[Data items]

..........

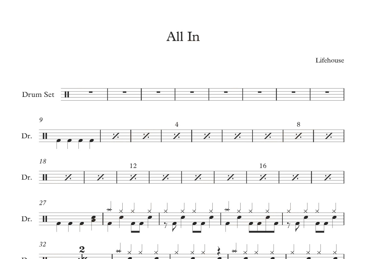 《All in》是livehouse演唱的一首歌曲,这份鼓谱共有两张高清图谱,图谱由 @打鼓谱 编配上传,图谱使用五线谱编配,使用这份All in架子鼓谱,你将能够轻松地敲打出这首livehouse的All in,快来尝试吧。首张收录专辑: Smoke & Mirrors 发行时间: 2010 年 流派: 硬摇滚。
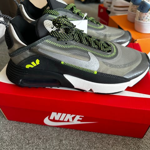 Nike Sneakers i størrelse 45 med blå og sorte farver. Skoene har en kombination af materialer og et design, der inkluderer detaljer i blå og sort. Egnet til dagligt brug og sport.
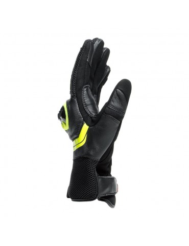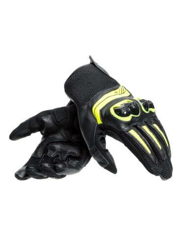 Luvas DAINESE Mig 3 Unisexo preto / amarelo fluor. As luvas Dainese Mig 3 Black são versáteis e confortáveis, feitas de couro nas partes mais expostas, com palma macia em Amica Suede e malha ventilada para o máximo conforto, mesmo nos dias mais quentes. Protectores ergonómicos dos nós dos dedos em TPU.
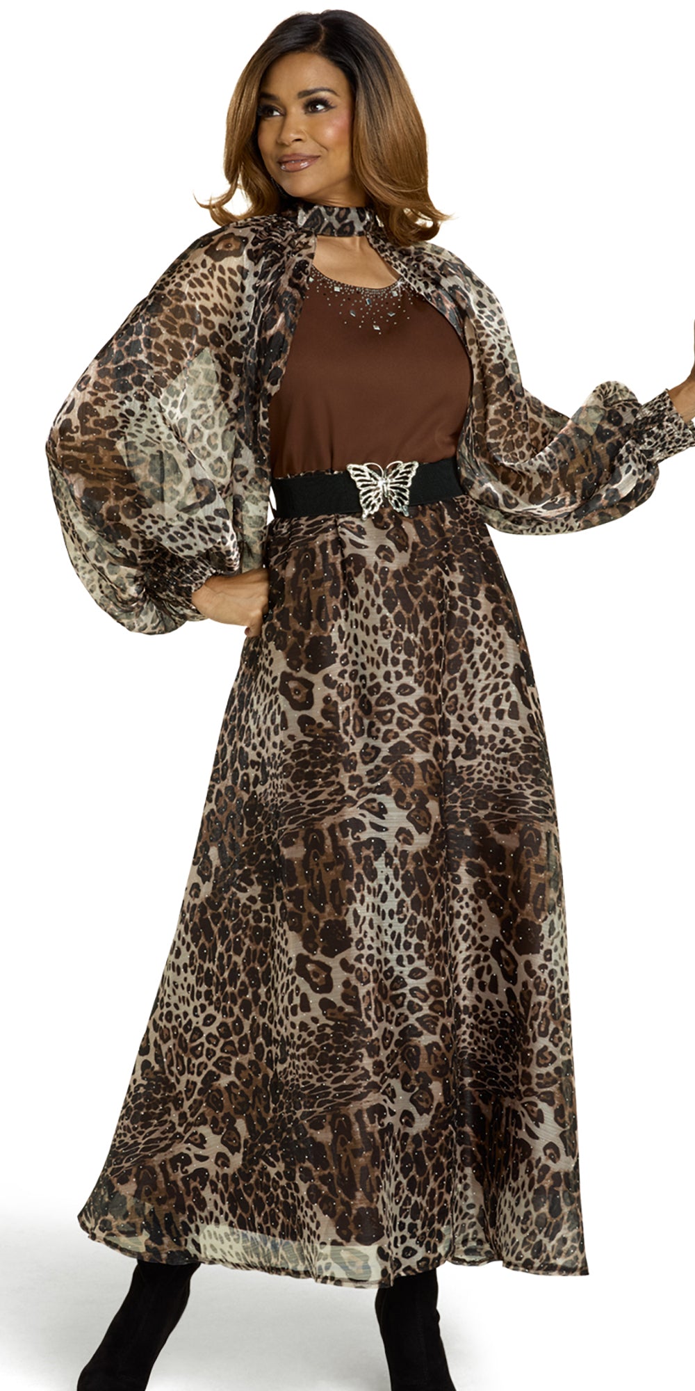 Elevate your wardrobe with the Donna Vinci 12211 Animal Print 2-piece Dress and Shrug Organza Set. This expertly crafted ensemble features a stylish animal print dress paired with a delicate organza shrug, combining bold patterns with sheer elegance. Perfect for formal occasions, the lightweight shrug adds a refined layer without compromising comfort, while the dress offers a flattering silhouette. This set balances statement style and sophisticated design, making it a versatile choice for your next special event.
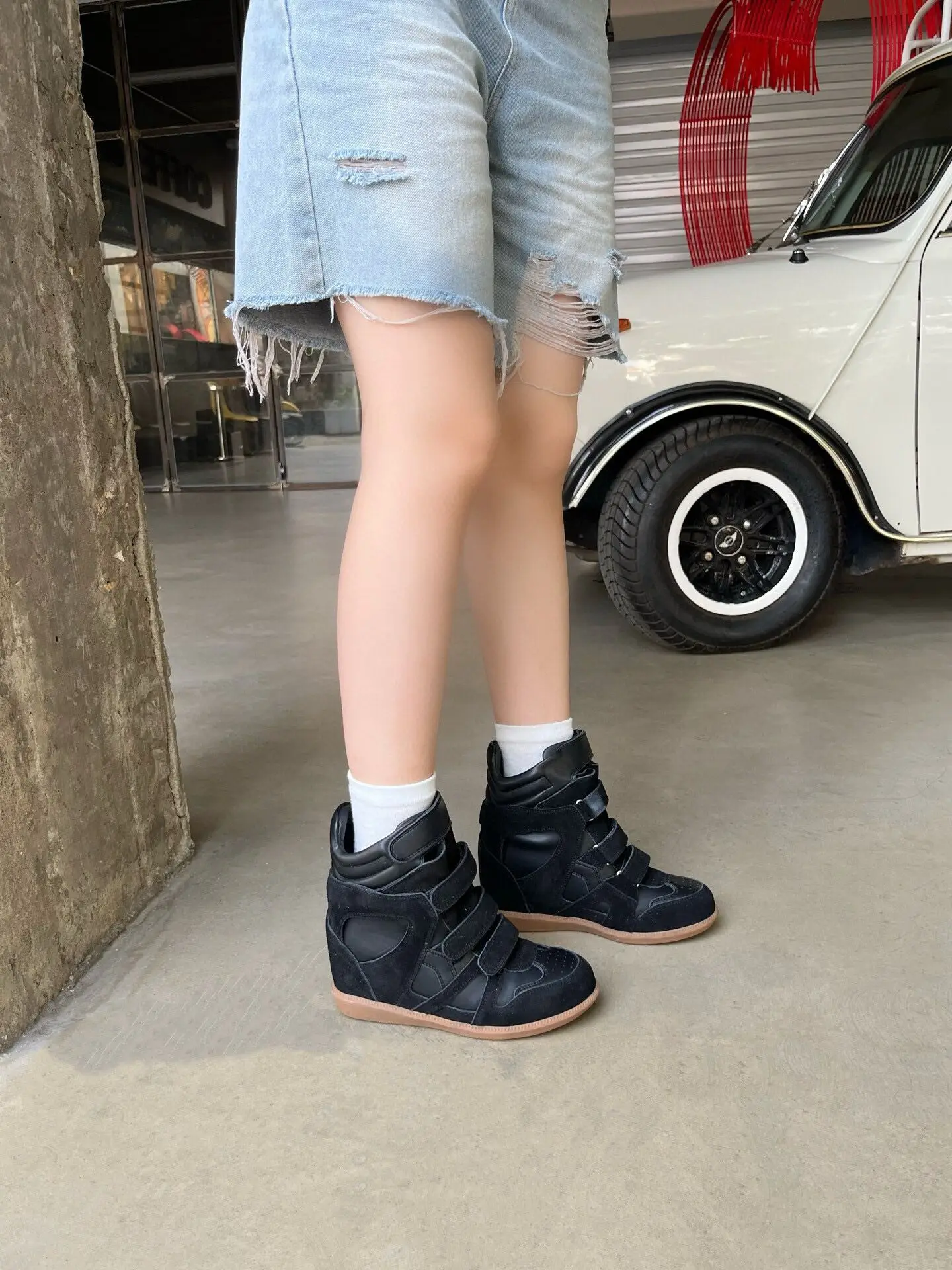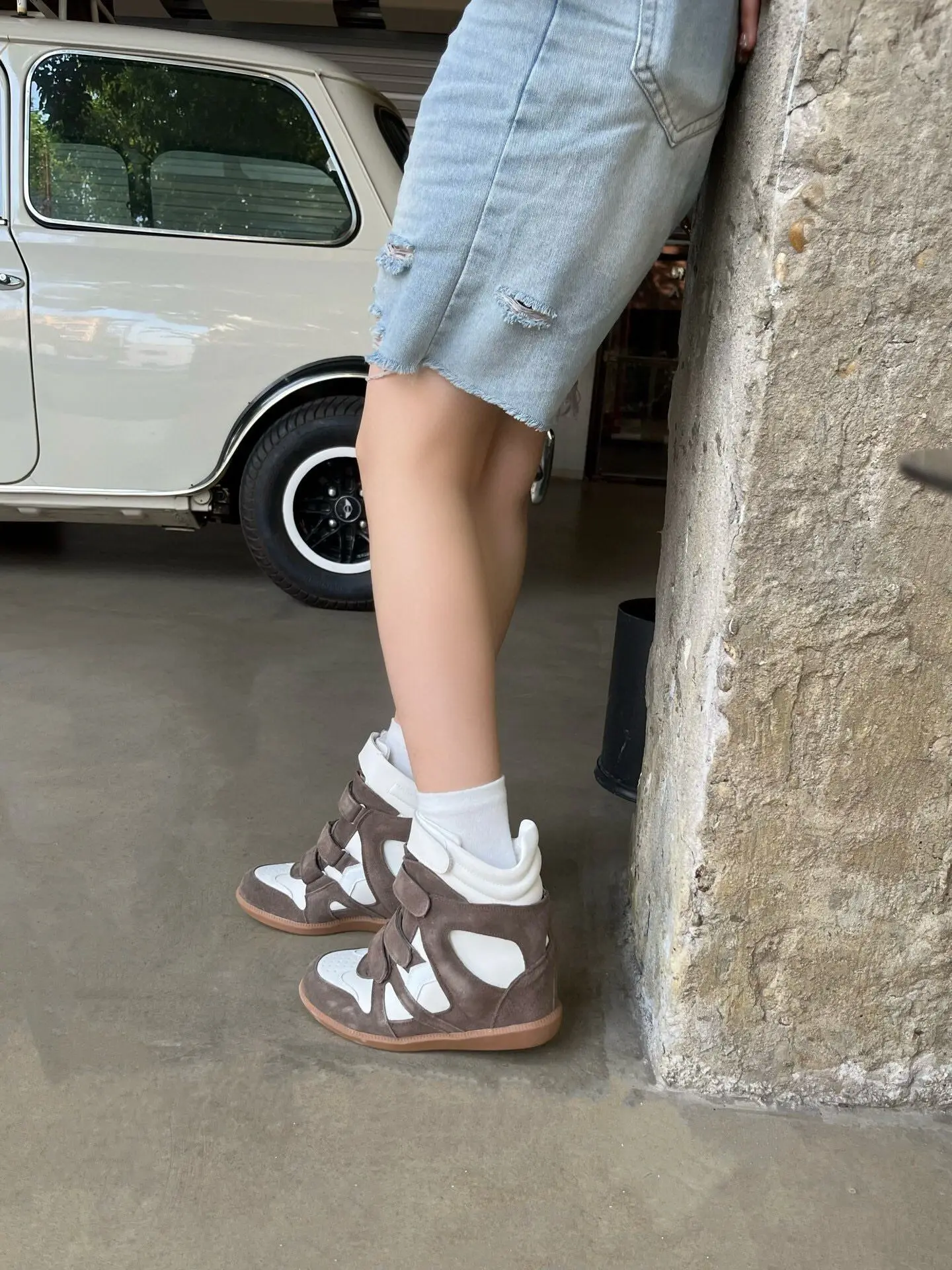 Baskets Montantes Femme Compensées 8cm Cuir Vachette - Sneakers Sport Casual Scratch Respirantes

..........

PROBLEM:
The records above are to be repeated word for word, with the pictures omitted.

EXPECTED ANSWER:
 《All in》是livehouse演唱的一首歌曲,这份鼓谱共有两张高清图谱,图谱由 @打鼓谱 编配上传,图谱使用五线谱编配,使用这份All in架子鼓谱,你将能够轻松地敲打出这首livehouse的All in,快来尝试吧。首张收录专辑: Smoke & Mirrors 发行时间: 2010 年 流派: 硬摇滚。
 Nike Sneakers i størrelse 45 med blå og sorte farver. Skoene har en kombination af materialer og et design, der inkluderer detaljer i blå og sort. Egnet til dagligt brug og sport.
 Luvas DAINESE Mig 3 Unisexo preto / amarelo fluor. As luvas Dainese Mig 3 Black são versáteis e confortáveis, feitas de couro nas partes mais expostas, com palma macia em Amica Suede e malha ventilada para o máximo conforto, mesmo nos dias mais quentes. Protectores ergonómicos dos nós dos dedos em TPU.
 Elevate your wardrobe with the Donna Vinci 12211 Animal Print 2-piece Dress and Shrug Organza Set. This expertly crafted ensemble features a stylish animal print dress paired with a delicate organza shrug, combining bold patterns with sheer elegance. Perfect for formal occasions, the lightweight shrug adds a refined layer without compromising comfort, while the dress offers a flattering silhouette. This set balances statement style and sophisticated design, making it a versatile choice for your next special event.
 Baskets Montantes Femme Compensées 8cm Cuir Vachette - Sneakers Sport Casual Scratch Respirantes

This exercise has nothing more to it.